I. Median Craniofacial Hypoplasia

Tissue Deficiency

A.     Holoproencephalic spectrum (alobar brain)

1.     Cyclopia

2.     Ethmocephaly

3.     Cebocephaly

4.     Primary Palate Agenesis

Single holistic brain with midline facial hypoplasia or agenesis. Four subclassifications: cyclopia, ethmocephaly, cebocephaly, Primary palate agenesis.

1. Single eye in a single orbit, arhinia with proboscis often located above the single orbit and microcephaly

2. Severe hypotelorism but separate orbits. Arhinia with proboscis located in between the orbits

3. Severe hypotelorism. Proboscis-like rudimentary nose.

4. Premaxillary segment missing of hypoplastic

B.     Median cerebrofacial hypoplasia (lobar brain)

Separate lobes to brain but with midline cerebral malformation; Midline facial hypoplasia.
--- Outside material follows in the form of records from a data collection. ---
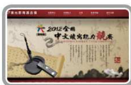
讀寫能力提升計劃或競賽
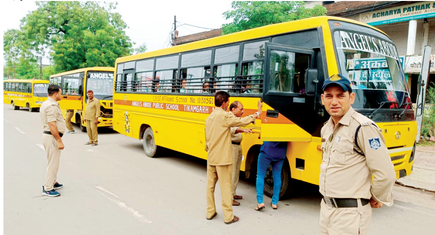
प्रदूषण चेक किए, कमी पाए गए बसों पर पांच हजार रुपए की
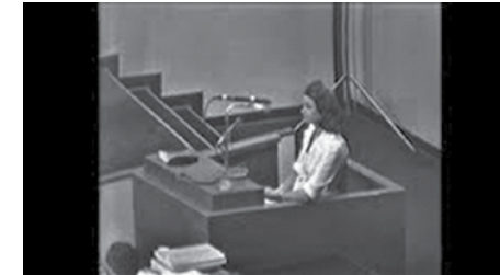
استر غولدشتاين عند تقديم شهادتها في محاكمة ايخمان

ولكن فشل هذه المحاولة معروف مسبقاً والصدمة التي من غير الممكن التعبير عنها تتفجر في كل مرة من جديد. كما اللحظة الموثقة في الصورة الفوتوغرافية، والتي ترافق عائلته كظلمها وتنفجر بشكل عشوائي، هكذا تعود الصدمة وتجلجل من قلب الضجيج وروتينيّة العمل.

C.     Median facial hypoplasia

Midline facial hypoplasia without gross cerebral involvement

D.    Microforms of median facial hypoplasia

1. Binder anomaly (maxillonasal dysplasia)

2. Central maxillary incisor anomaly

3. Absent Upper Lip Frenulum

II. Median Craniofacial Dysraphia

Normal tissue volume but clefted

  1. True Median Cleft

Isolated cleft of the upper lip or abnormal split between the median globular process. It can be an incomplete or complete form

  1. Anterior encephalocele

Cystic malformation in which central nervous structures are abnormally displaced or herniated through a defect in the cranium.

III. Median Craniofacial Hyperplasia

Tissue excess or duplication. All forms of excess tissue starting from just thickened or duplicated nasal septum to the more severe forms of frontonasal dysplasia.